Source data:
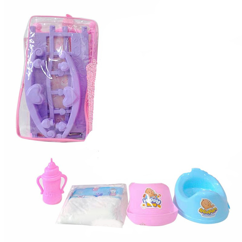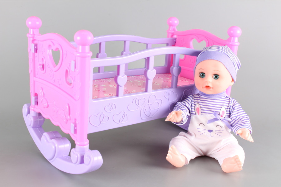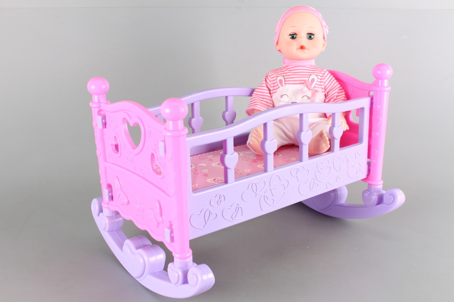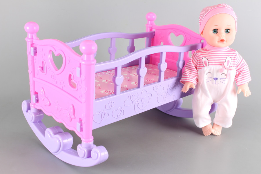 Пишкаща кукла бебе, люлеещо се легло и аксесоари.
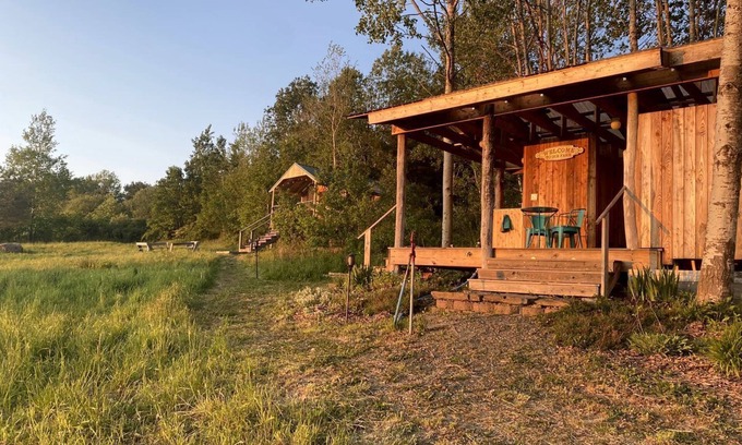 You will have private access to a rustic outdoor kitchen in the bath house, a 10-second walk from the tent cabin. The kitchen is stocked with a small fridge, 2-burner stove, dishes and flatware, cutting board and knives, olive oil and salt. We also supply a charcoal grill, charcoal, and a lighter. We provide fresh-ground organic coffee, sugar, and milk, a French press, and a drip coffee pot. We also provide a fire ring, kindling, and firewood you can use to have a campfire during your stay.
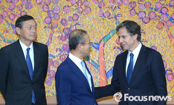 (서울=포커스뉴스) 한미일 외교차관이 19일 오후 서울 종로구 외교부에서 윤병세 외교부 장관과 접견에 앞서 대화를 나누고 있다. 왼쪽부터 사이키 아키타카 일본 외무성 사무차관, 임성남 외교부 제1차관, 토니 블링컨 미국 국무부 부장관.
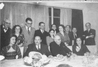 Luis Durand junto a Luis Merino, Eduado Knockaert, María Santander, Alberto Montiel, Alfredo Montiel y Teresa Montt, en la Embajada de El Salvador.
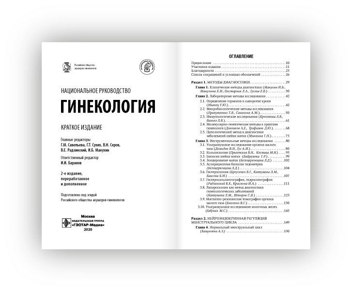 Гинекология: национальное руководство: краткое изд. / [Л. В. Адамян, О. В. Азиев, В. О. Андреева и др.]; гл. ред.: Г. М. Савельева [и др.]; отв. ред. И. И. Баранов; Российское общество акушеров-гинекологов. - 2-е изд., перераб. и доп. – М.: ГЭОТАР-Медиа, 2020. - 1044, [2] с., [12] л. фот. цв.: ил., табл.
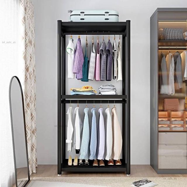 熱銷/免運 上下雙層掛衣架 臥室落地掛衣架傢用簡易組閤衣櫃衣帽間鞋架子房間一體貨櫃 收納架 出租房置物架 衣帽架
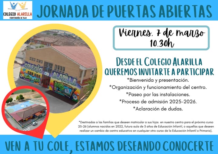 El próximo 7 de marzo, a las 10:30 de la mañana, el CEIP Alarilla organizará una jornada de puertas abiertas para que las familias puedan conocer el centro y sus instalaciones.
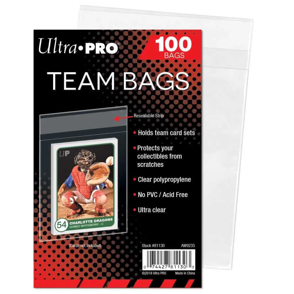 Archival-grade, acid-free and non-PVC premium bag designed to hold team sets or card sets. Resealable edge allows for easy removal of cards. 100 count per pack.
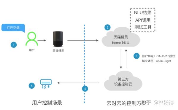 所谓云对云,就是智能音箱听到一个控制指令,比如:打开空调.这条指令会传给智能音箱的云端,云端会根据"打开空调".去找到加入的空调,然后根据空调的品牌,找到对应品牌商的云端控制地址,把指令发给品牌商,品牌商收到指令后,再下发指令给自己的空调,从而控制空调打开.
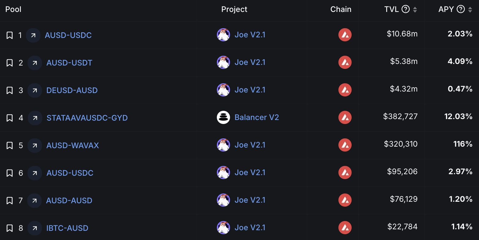 There is currently around 7.5M AUSD to be sold for USDC within a 6% price impact. The liquidity mainly resides in 3 Joe V2.1 pools where AUSD is paired with USDC, USDT, and deUSD for a total TVL of ~$20M. As indicated by Chaos Labs, the asset’s liquidity has been stable at these levels for the past months.

# Work instruction:
Using the entries above, extract exactly the lines from the one that contains "熱銷/免運 上下雙層掛衣架 臥室落地掛衣架傢用簡易組閤衣櫃衣帽間鞋架子房間一體貨櫃" through the one that contains "El próximo 7". Do not carry over any pictures.

# Problem solution:
 熱銷/免運 上下雙層掛衣架 臥室落地掛衣架傢用簡易組閤衣櫃衣帽間鞋架子房間一體貨櫃 收納架 出租房置物架 衣帽架
 El próximo 7 de marzo, a las 10:30 de la mañana, el CEIP Alarilla organizará una jornada de puertas abiertas para que las familias puedan conocer el centro y sus instalaciones.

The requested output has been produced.